I want to prove that:
$$\sum_{i=0}^{i=n} x_i^T \Sigma^{-1} x_i = n.len(s)$$ being $len(s)$ the number of non-zero singular values* of $\Sigma$, that is defined as
$$\Sigma = \frac{1}{n} \sum_{j=1}^{j=n} x_j x_j^T$$

If necessary, mean can be considered $0$

*Not necessarily mathematical $0$, this can also mean "not too small values" .
Actually non-zero is "non-negligible" depending on a threshold defined as the largest singular value times the square root of the machine epsilon.
In Python: s[0] * np.sqrt(np.finfo(np.float).eps) being s the singular values in descending order (see the code)

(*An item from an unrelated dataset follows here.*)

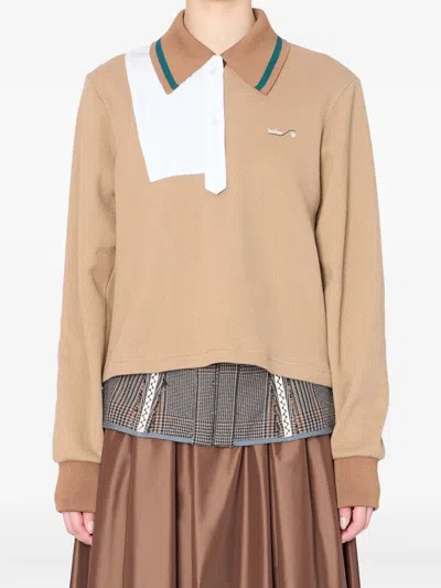 米色 华夫格纹理 百褶拼接 长袖 polo领 对比滚边

  • $\begingroup$ How do you propose to compute $\Sigma^{-1}$ if $\Sigma$ has zero singular values? Otherwise, this is just a trace identity. The answer should always be $n$. $\endgroup$ – Hans Engler Nov 16 '18 at 21:54
  • $\begingroup$ In fact, the question is about the proposal itself. The code I'm looking into, and this other R package, assume the proposition that involves $n. len(s)$. I want to know when it's valid, and what approximations and assumptions are being made. Sorry if it wasn't clear $\endgroup$ – Franco Marchesoni Nov 19 '18 at 21:07

Assuming that the sample $\{x_i\}$ spans the whole space $\mathbb{R}^d$, the value is always $nd$. Here is the proof:

Using your notation for $X$, we know $\Sigma = \frac{1}{n} XX^T$ and therefore $\Sigma^{-1} = n \left(XX^T \right)^{-1}$. Then $$ x_i^T \Sigma^{-1} x_i = tr(x_i^T \Sigma^{-1} x_i) = tr(\Sigma^{-1} x_i x_i^T) $$
and therefore $$ \sum_{i = 1}^n x_i^T \Sigma^{-1} x_i = tr(\Sigma^{-1} \sum_{i=1}^n x_i x_i^T) = tr(\Sigma^{-1} (XX^T)) = n tr(I_d) = nd $$ where $I_d$ is the $d$-dim identity matrix.